When I try to compile the following code:

class A {
public:
    A(int v) : virt(v) { }
    int virt;
    int getVirt(void) const { return virt; }
};

class B : private virtual A {
protected:
    B(int v) : A(v) { }
    using A::getVirt;
};

class C : public B, private virtual A {
protected:
    C(int v) : A(v), B(v) { }
    using A::getVirt;
};

class D : public C {
public:
    D(void) : C(3) { }
    using C::getVirt;
};

#include <iostream>

int main(int argc, char *argv[]) {
    D d;
    std::cout << "The number is: " << d.getVirt() << std::endl;

    return 0;
}

I get an error about D not instantiating A; is that correct? If a virtual base is embedded in the hierarchy do all derived classes also need to derive from that base, virtually, so they can call the parametric constructor of the virtual base?

BTW, here are the errors produced by G++:

Main.cpp: In constructor ‘D::D()’:
Main.cpp:22:18: error: no matching function for call to ‘A::A()’
Main.cpp:22:18: note: candidates are:
Main.cpp:3:5: note: A::A(int)
Main.cpp:3:5: note:   candidate expects 1 argument, 0 provided
Main.cpp:1:7: note: A::A(const A&)
Main.cpp:1:7: note:   candidate expects 1 argument, 0 provided

Answer 1

As Kerrek SB mentions, you need to initialize A in the constructor for D.
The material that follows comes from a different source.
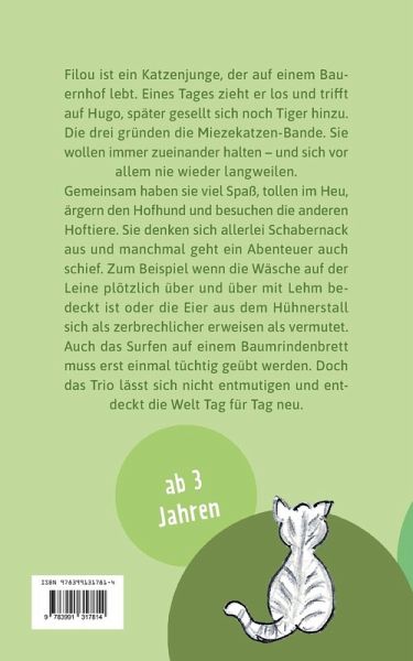 Filou ist ein Katzenjunge, der auf einem Bauernhof lebt. Eines Tages zieht er los und trifft auf Hugo, später gesellt sich noch Tiger hinzu. Die drei gründen die Miezekatzen-Bande. Sie wollen immer zueinander halten - und sich vor allem nie wieder langweilen.Gemeinsam haben sie viel Spaß, tollen im Heu, ärgern den Hofhund und besuchen die anderen Hoftiere. Sie denken sich allerlei Schabernack aus und manchmal geht ein Abenteuer auch schief. Zum Beispiel wenn die Wäsche auf der Leine plötzlich über und über mit Lehm bedeckt ist oder die Eier aus dem Hühnerstall sich als zerbrechlicher erweisen als vermutet. Auch das Surfen auf einem Baumrindenbrett muss erst einmal tüchtig geübt werden. Doch das Trio lässt sich nicht entmutigen und entdeckt die Welt Tag für Tag neu.
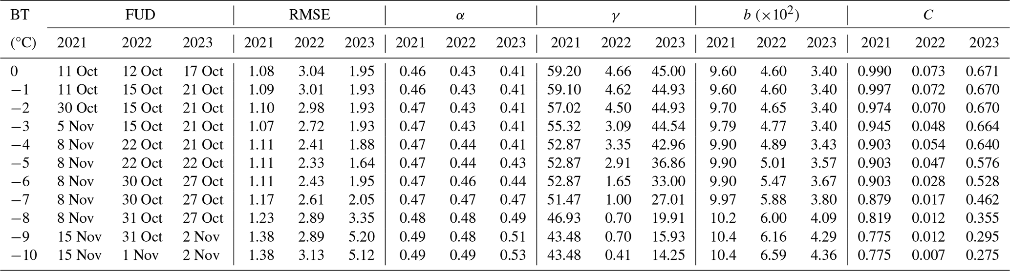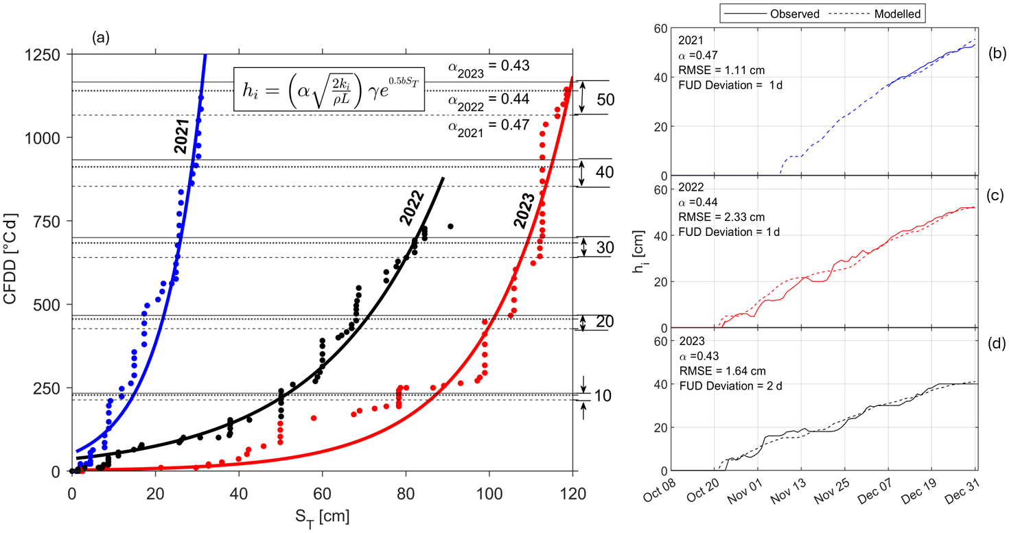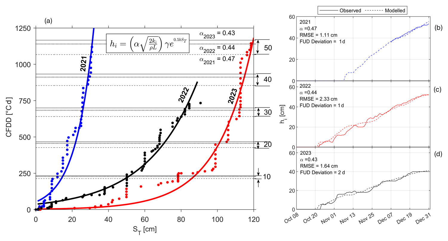 °C was selected as it provided the lowest error (RMSE and deviation) in modelled versus observed hi and FUDs in the range of (Fig. 8). Optimized values of α, γ, b, and C for the years 2021, 2022, and 2023 are summarized in Table 7. The finalized empirical model using is presented in Fig. 9. RMSE between modelled and measured ice thicknesses was small (≤2.33 cm) and deviations in FUDs≤2 d.

However, you must also explicitly tell the compiler that you are not accessing A from its (privately) derived context by using the scope operator.

class D : public C {
public:
    D(void) : ::A(3), C(3) { }
//            ^^ Access this constructor from a global context
    using C::getVirt;
};

This also means that your constructor must be public, as is already the case with your code.

Answer 2

That has nothing to do with access control (at least not primarily). Rather, you have to understand how virtual bases work: The virtual base subobject is initialized by the most derived class. Since you don't mention A in the constructor initializer list of D, the default constructor is tried, but doesn't exist.

To fix this, initalize A properly in D:

 D() : A(3), C(3) { }

When you say A(3), name lookup is performed according to 12.6.2/2:

In a mem-initializer-id an initial unqualified identifier is looked up in the scope of the constructor’s class and, if not found in that scope, it is looked up in the scope containing the constructor’s definition.

As Drew Dorman rightly points out, you can force a direct path to the virtual base class by calling it ::A and thus obtaining the desired access.